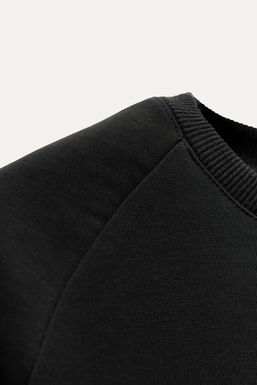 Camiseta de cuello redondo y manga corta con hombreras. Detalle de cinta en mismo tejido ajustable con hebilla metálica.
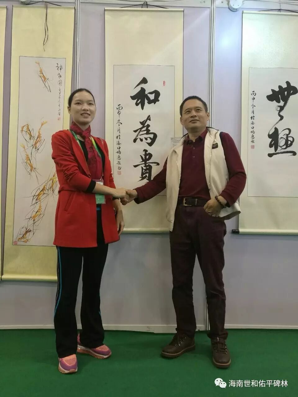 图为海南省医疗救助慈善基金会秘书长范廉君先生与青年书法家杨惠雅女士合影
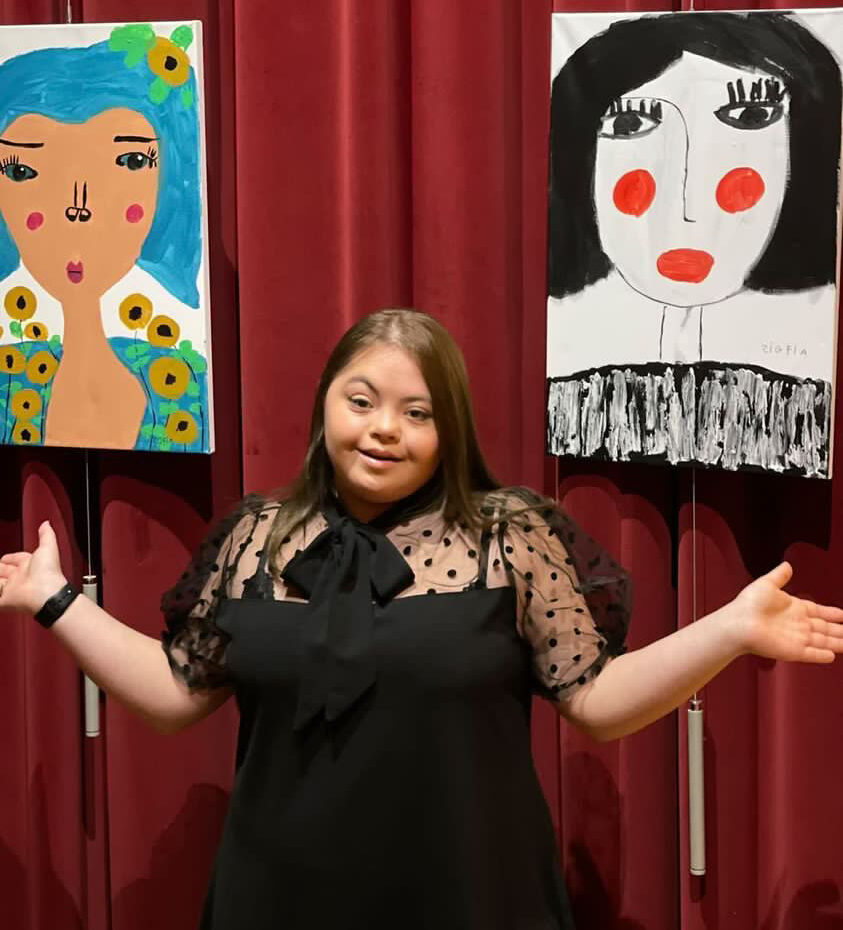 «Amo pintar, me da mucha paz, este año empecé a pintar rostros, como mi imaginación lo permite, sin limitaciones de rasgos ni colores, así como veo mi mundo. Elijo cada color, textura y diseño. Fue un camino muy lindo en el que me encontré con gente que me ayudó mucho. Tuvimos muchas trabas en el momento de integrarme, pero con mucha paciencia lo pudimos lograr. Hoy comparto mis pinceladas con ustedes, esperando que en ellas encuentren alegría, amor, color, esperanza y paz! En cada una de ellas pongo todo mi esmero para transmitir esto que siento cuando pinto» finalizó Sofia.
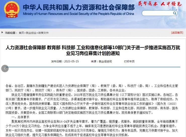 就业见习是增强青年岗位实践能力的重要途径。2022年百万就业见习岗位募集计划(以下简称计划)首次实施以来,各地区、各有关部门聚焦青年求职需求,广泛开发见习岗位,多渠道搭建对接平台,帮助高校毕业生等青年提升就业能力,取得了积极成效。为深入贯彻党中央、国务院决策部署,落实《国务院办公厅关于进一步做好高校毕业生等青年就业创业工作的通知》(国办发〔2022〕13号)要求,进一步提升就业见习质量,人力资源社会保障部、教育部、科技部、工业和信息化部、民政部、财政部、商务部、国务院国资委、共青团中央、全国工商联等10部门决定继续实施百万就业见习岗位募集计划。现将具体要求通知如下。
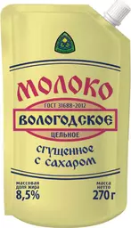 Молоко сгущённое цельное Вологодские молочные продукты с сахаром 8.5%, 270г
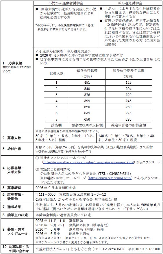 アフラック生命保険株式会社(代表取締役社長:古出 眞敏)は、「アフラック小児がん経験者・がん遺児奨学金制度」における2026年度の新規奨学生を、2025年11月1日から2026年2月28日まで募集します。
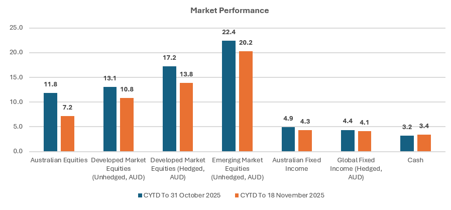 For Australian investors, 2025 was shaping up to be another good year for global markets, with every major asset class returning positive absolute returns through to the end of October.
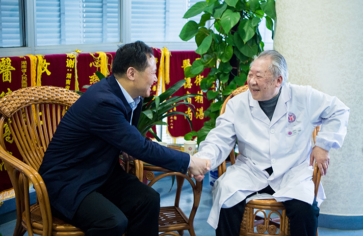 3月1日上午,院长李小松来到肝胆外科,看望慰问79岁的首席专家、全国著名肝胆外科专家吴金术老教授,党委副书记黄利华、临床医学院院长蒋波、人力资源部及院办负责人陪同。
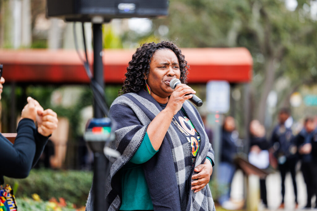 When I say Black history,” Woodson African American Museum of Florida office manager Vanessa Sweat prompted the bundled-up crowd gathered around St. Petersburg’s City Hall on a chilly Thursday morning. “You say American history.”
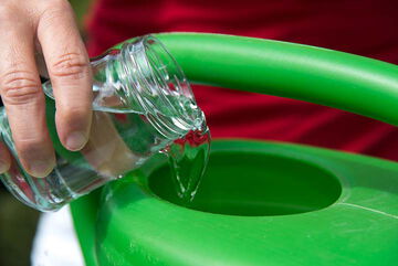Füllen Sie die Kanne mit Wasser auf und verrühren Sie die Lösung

--------------------

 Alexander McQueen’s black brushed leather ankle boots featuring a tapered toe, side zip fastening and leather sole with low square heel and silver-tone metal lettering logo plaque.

--------------------

*ASSIGNED TASK:* What should come back is an exact copy of the lines above from the line with "Camiseta de cuello" to the line with "pintar, me da", both included, minus the pictures.

*SOLUTION TO THE PROBLEM:*
 Camiseta de cuello redondo y manga corta con hombreras. Detalle de cinta en mismo tejido ajustable con hebilla metálica.
 图为海南省医疗救助慈善基金会秘书长范廉君先生与青年书法家杨惠雅女士合影
 «Amo pintar, me da mucha paz, este año empecé a pintar rostros, como mi imaginación lo permite, sin limitaciones de rasgos ni colores, así como veo mi mundo. Elijo cada color, textura y diseño. Fue un camino muy lindo en el que me encontré con gente que me ayudó mucho. Tuvimos muchas trabas en el momento de integrarme, pero con mucha paciencia lo pudimos lograr. Hoy comparto mis pinceladas con ustedes, esperando que en ellas encuentren alegría, amor, color, esperanza y paz! En cada una de ellas pongo todo mi esmero para transmitir esto que siento cuando pinto» finalizó Sofia.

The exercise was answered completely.